The Worcester News has got a name ban lifted on a six-month-old baby at the centre of a child neglect case following a court challenge by one of its senior reporters.
It meant the News could name Paul Raymond and Melissa Medakovich, who appeared before the Worcester Magistrates Court charged with being in custody of the baby and causing it to be mistreated, assaulted or neglected.
Raymond, 25, and Medakovich, 19, both entered no pleas to the charge, which relates to the two being in care of baby Rio Medakovich. The Crown Prosecution Service had applied for a Section 39 order to be imposed on the baby, which would have banned the identity of the child in the press. This would have effectively prohibited the identification of the parents.

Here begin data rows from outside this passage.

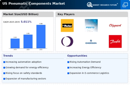 The competitive landscape of the US Pneumatic Components Market is characterized by a blend of established manufacturers and emerging players, all vying for a share in an industry driven by advancements in automation and efficiency. This market encompasses a broad range of products, including valves, actuators, and various other components critical for pneumatic applications across multiple sectors such as manufacturing, automotive, and aerospace. Key competitors are increasingly focusing on product innovation, operational efficiency, and customer service to gain an edge in this competitive arena.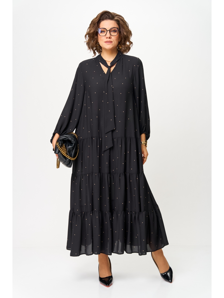Платье макси трапециевидного силуэта — идеально для любого торжественного выхода и не только. Благодаря своей легкости и воздушности подойдет для разных образов. А благодаря своему крою идеально подойдет на любую фигуру. По горловине V-образный вырез и стойка переходящая в бант. Рукав расширенный к низу, на резинке, фигурный. По полочке и спинке идут 3 присобранных волана.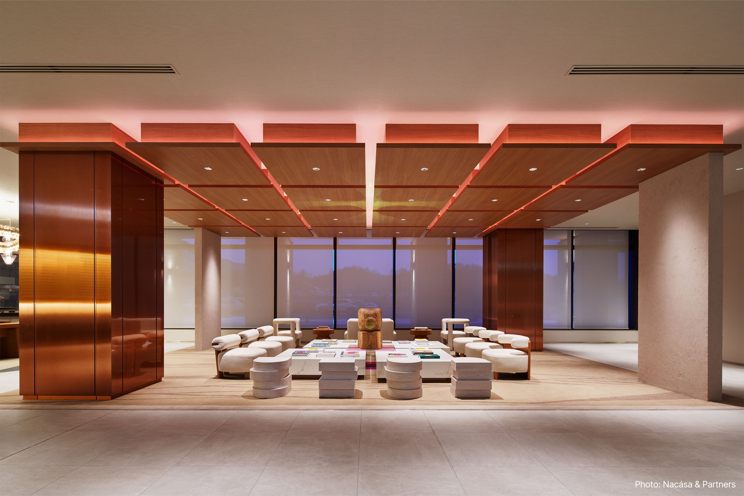 外光を多く取り入れる吹き抜け空間は 2700~5000K の調光調色器具(ダウンライト)を採用し、日中・夜・深夜でシーンが変わり時間と共に異なる空間を演出している。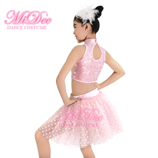 Sequins Leotards Mesh Skirt 2 piece Outfits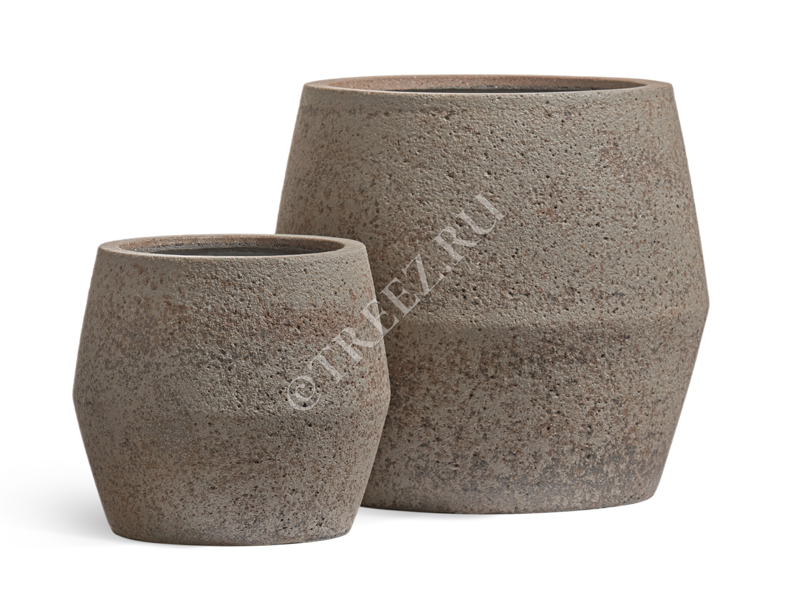 Кашпо TREEZ ERGO - Hard Rock - Высокая трапециевидная чаша - Песок серый беж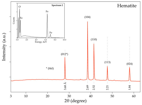 The crystallinity of the hematite sample was determined using XRD and the diffractogram is drawn in Figure 5. It detects the presence of only α-Fe2O3 as a main phase, confirming the microanalysis performed by SEM-EDS showed in the miniaturized spectrum in Figure 5, as well as the chemical characteristics of the hematite sample provided by the supplier.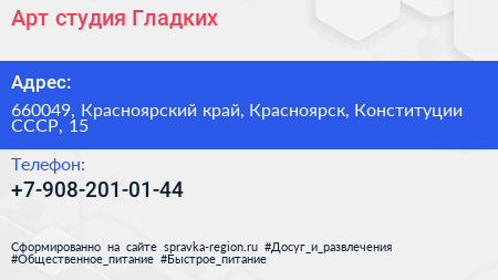 Арт-студия Гладких по адресу 660049, Красноярский край, Красноярск, Конституции СССР, 15 в дальнейшем Организация, размещена в следующих категориях:

Magistrates refused it following a successful appeal by senior reporter Joby Mullens who cited the case of his former paper, The Banbury Guardian, which persuaded magistrates in 2000 to lift a Section 39 order banning the identification of a child’s father who had pleaded guilty to being drunk in charge of a child.
The paper argued the order would only have protected the identity of the defendants and the child was too young to be named. Mullens said that this was a similar case where the child was too young to be prejudiced by the publicity.
Worcester News editor Stewart Gilbert said: "This was another case of the CPS not following its own guidelines — and those contained in the Justices Guide. Luckily we had a sharp reporter in court and once he brought the legal precedent to the attention of the magistrates they swiftly agreed not to place the Section 39 order."
The case against the pair was adjourned until Friday, 17 February.